Earnouts are a common element of a creative deal structure, especially where there is a value gap between the buyers best offer and the sellers valuation expectation. During the economic downturn we have experienced over the last 18 months, structured transactions including earnouts have become more common.
Negotiators looking to craft earnouts that are fair and agreeable should consider:
- Terms that can be clearly defined and measurable by both parties: Earnouts based on revenue or earnings can be strictly defined in accounting terms; deals based on achieving a specific level of employee or customer satisfaction can be more problematic to quantify.
- The sellers control of resources that impact achieving the earnouts success: Negotiations will also focus on the buyers desire to integrate business operations.
- An achievable earnout: Hurdles set too high could create disincentives and result in poor performance.

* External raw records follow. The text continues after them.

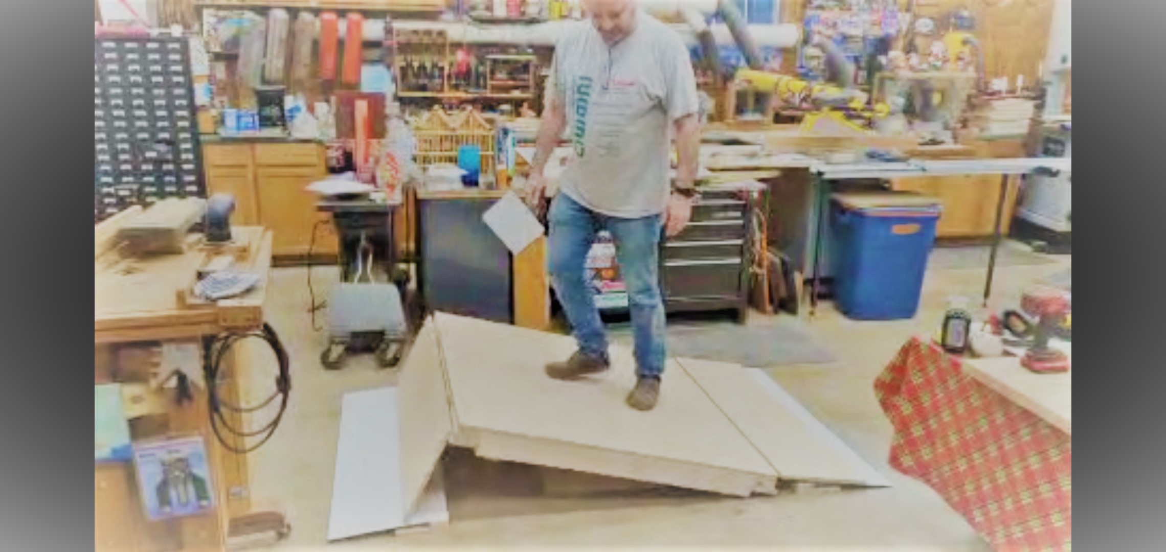 Terry Nienaber testing the teeter-totter balancing platform built by the TWWWG for high school robotics teams to be used in the 2023 FIRST Robotics Competition. TWWWG members at Pat Lester's home shop, building a balancing platform for FIRST Robotics teams.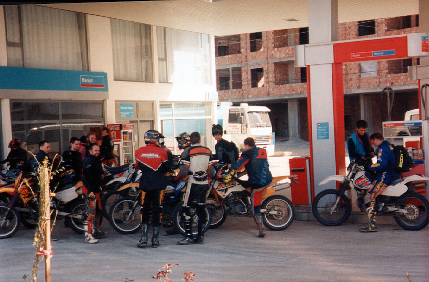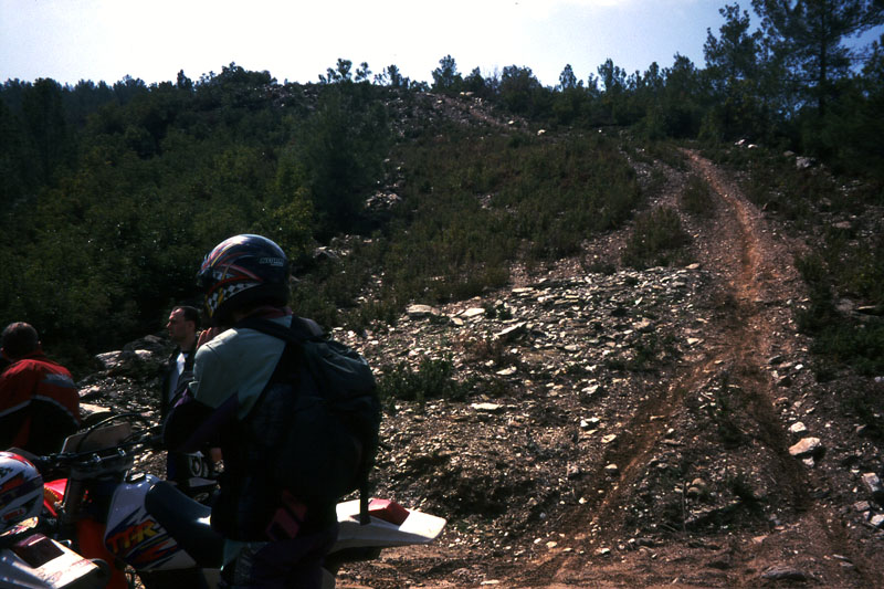 "Wer ist der beste Fahrer von euch?" lautete die Frage, ein dezenter Hinweis auf die Hoope-Erfolge brachte Flori die WR360 ein. Diese wollte jedoch nicht anspringen, einige Zeit später überschlug sich diese beim Anschieben dank nicht trennender Kupplung, glücklicherweise ist dem Mech dabei nichts groß passiert. Manfred erhielt eine 540SXC mit recht abgefahrenem Hinterreifen, ich ergatterte mangels Alternativen eine 97er 620SC ohne Ausgleichswelle, die sich in recht brauchbarem Zustand zeigte. Yves erhielt eine TT-R 600 und Martin eine TT-R 250, dank E-Starter, niedrigem Schwerpunkt und sanftem Fahrverhalten sicher ein super Enduro-Einstiegsfahrzeug. Nun, die WR war vorerst ausser Gefecht, also durfte Flori die Ehre von Kawa auf einer alten KLR250 "Das Geschwür" aufrecht erhalten. Er machte aus der Not eine Tugend und zeigte, daß trotz ständig durchschlagender Federelemente auch mit diesem Teil einiges geht.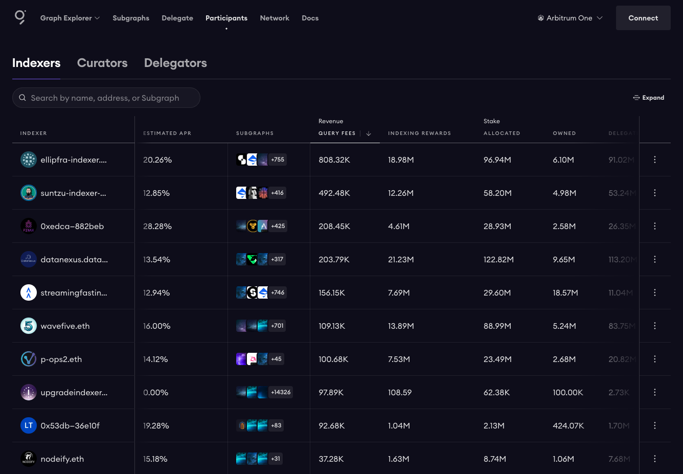 - Compare Indexers by most query fees earned and highest estimated APR.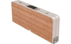 Aluminium-Campingtisch mit epoxy-beschichtetem Gestell und Aluminiumumrandung.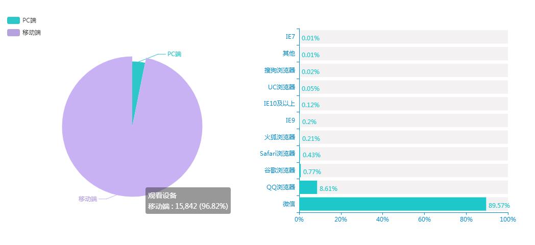 从访问形式来看,两场直播都有超过半数人群通过直接访问的形式收看直播,通过微信朋友圈和微信群两种方式收看的约占收看总数的40%,通过其他形式收看的约占总数的10%,通过移动终端设备观看的超过总数的90%。由此看出,观众更加愿意通过终端设备观看网络直播。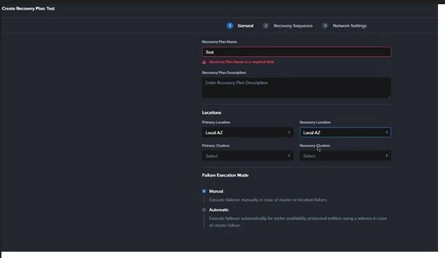 Currently, while creating the recovery plan, I can select individual VMs, but I do not see an option to select at the cluster level. Is this expected behavior when using two PCVMs, and how can we properly configure a recovery plan in this setup?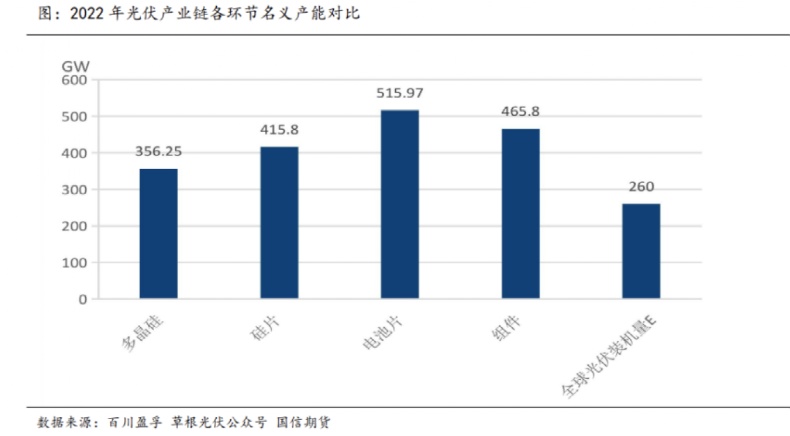 國信期貨方面稱,到2023年隨著多晶硅新增產(chǎn)能的不斷釋放,多晶硅價(jià)格將有可能從高位回調(diào),從而帶動光伏產(chǎn)業(yè)鏈價(jià)格下行。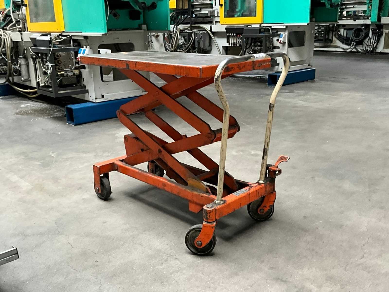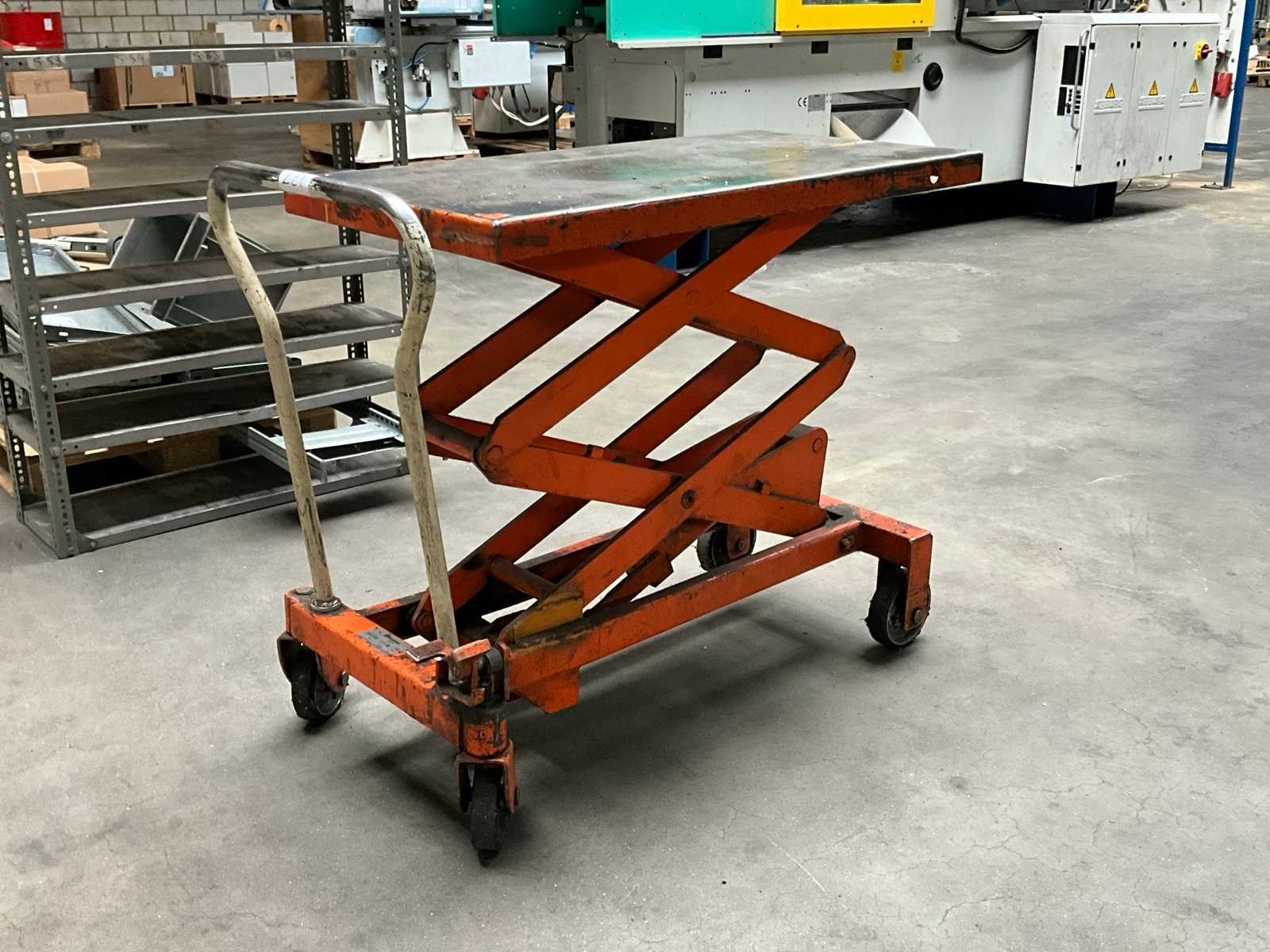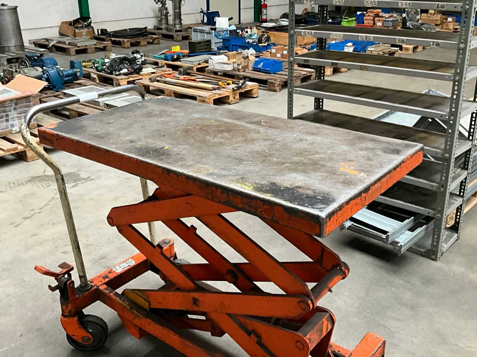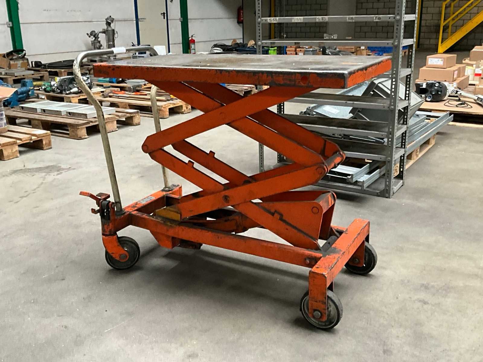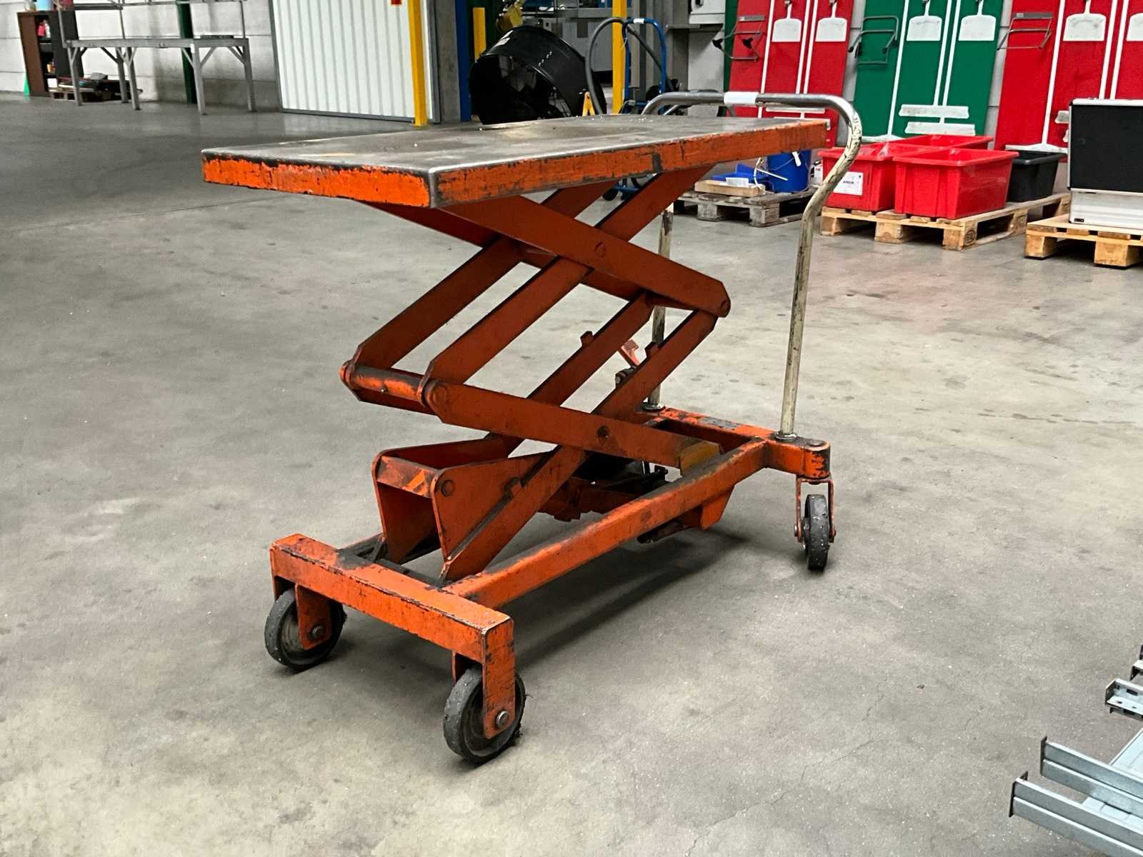 Verrijdbaar; tafel afmeting 1010x520 mm; maximale hefhoogte circa 900 mm; voorzien van duwbeugel; Merk: Bishamon Type: BX20S Bouwjaar: 2004 Hijsvermogen: 300kg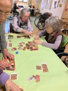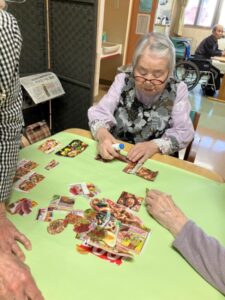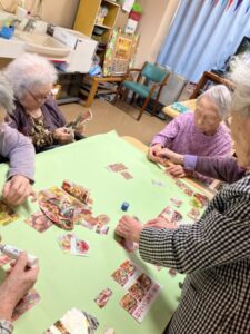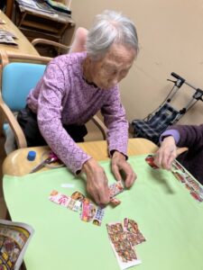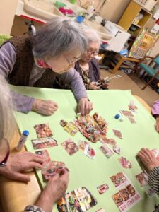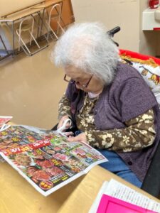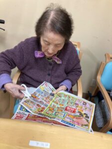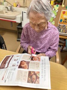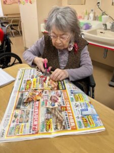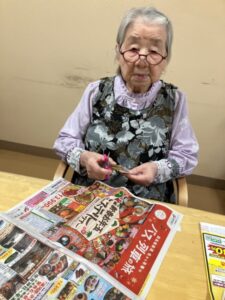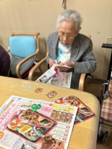 食欲の秋も相まって女性入居者様が集まり美味しそうなお弁当などの広告を切っています✂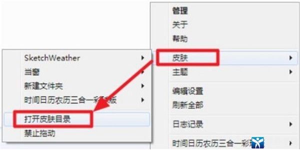 3、然后右击右下角的雨滴图标,选择【皮肤】-【打开皮肤目录】

- Reasonable limits on the earnout that preclude a windfall that enriches the seller in a way that removes incentives going forward.
- Allowance for the later revision of terms in the event there is an unusual or catastrophic event that makes reaching earlier objectives unachievable. To address this issue, some multi-year earnouts allow any shortfall to roll from one year to the next, offering the seller a second chance to meet the target.
- Limits on corporate expense allocations that could negatively impact the earnout: Without such limits, earnings-based earnouts may not work.
The term of the earnout should be long enough to eliminate the impact of short term business swings, so a year is the minimum period recommended. Earnouts over longer periods allow the expense of the payout to be spread over a larger revenue or earnings base, thereby allowing for a larger potential payout.